PRIVATE HEALTH SPENDING PER PERSON IN 2016 (US$)AVERAGE LIFE EXPECTANCY AT BIRTHTurkey $20778.0 yearsUnited Kingdom $78281.0 yearsCanada $131581.7 yearsIreland $140281.5 yearsAustralia $141582.5 yearsSwitzerland $244483.0 yearsUnited States $457078.8 years

We could probably work on the styling a little more, but it's pretty close to the original.


This demo shows how a data journalist can use Muck to produce a complete article, including charts and tables. The entire reproduction was constructed with Muck, SQLite, and the csv-to-sqlite utility, plus a text editor, a terminal program (to run Muck), and a browser to inspect the results.

This work also shows that by using Muck data journalists can make their projects completely reproducible. To guarantee that everyone sees the same results, I checked the downloaded data into the repository. The OECD terms and conditions are here. Note that while they grant permission to redistribute the data, they also state that they might not actually own portions of it, and claim that it is the user's responsibility to make such determinations. Doing so is really not so feasible for an individual like myself, and given the complexity of modern intellectual property law, republishing anything is something of a calculated risk.

Alternatively I could have left intrepid readers to download the OECD data themselves, but it could change in the future, undergo a change in format that might break our code, or even become unavailable entirely (the license makes disclaimers for each of these possibilities).

The fact that our numbers only partially match those in the original article suggests that the data has indeed changed in the intervening three months, although we cannot be sure.
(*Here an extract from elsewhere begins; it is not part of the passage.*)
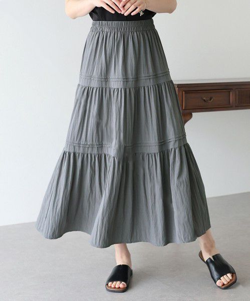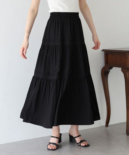 日本 BLUE EAST - 夏季嫘縈分層皺褶感長裙-黑 (M)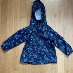 Vadderad väst med huva. Västen har ett mönster med djur och blommor.

In any case, the demonstration suggests just how difficult reproducible data journalism really is. If the dataset were proprietary, we would not have the option of publishing a copy at all.

Finally, I would like to note that this project is neither a critique nor endorsement of the original article. While I wish the author had provided more specific information about which data was used, I suspect that the core problem has to do with an update to the dataset since the original publication date on 2017/07/07. The discrepancies around latest year of life expectancy data per country is slightly problematic; we could investigate further by looking at how much the life expectancies changed in prior years. Whether or not the comparison between private health expenditures and life expectancy truly summarizes the nature of the US health care problem is another question entirely.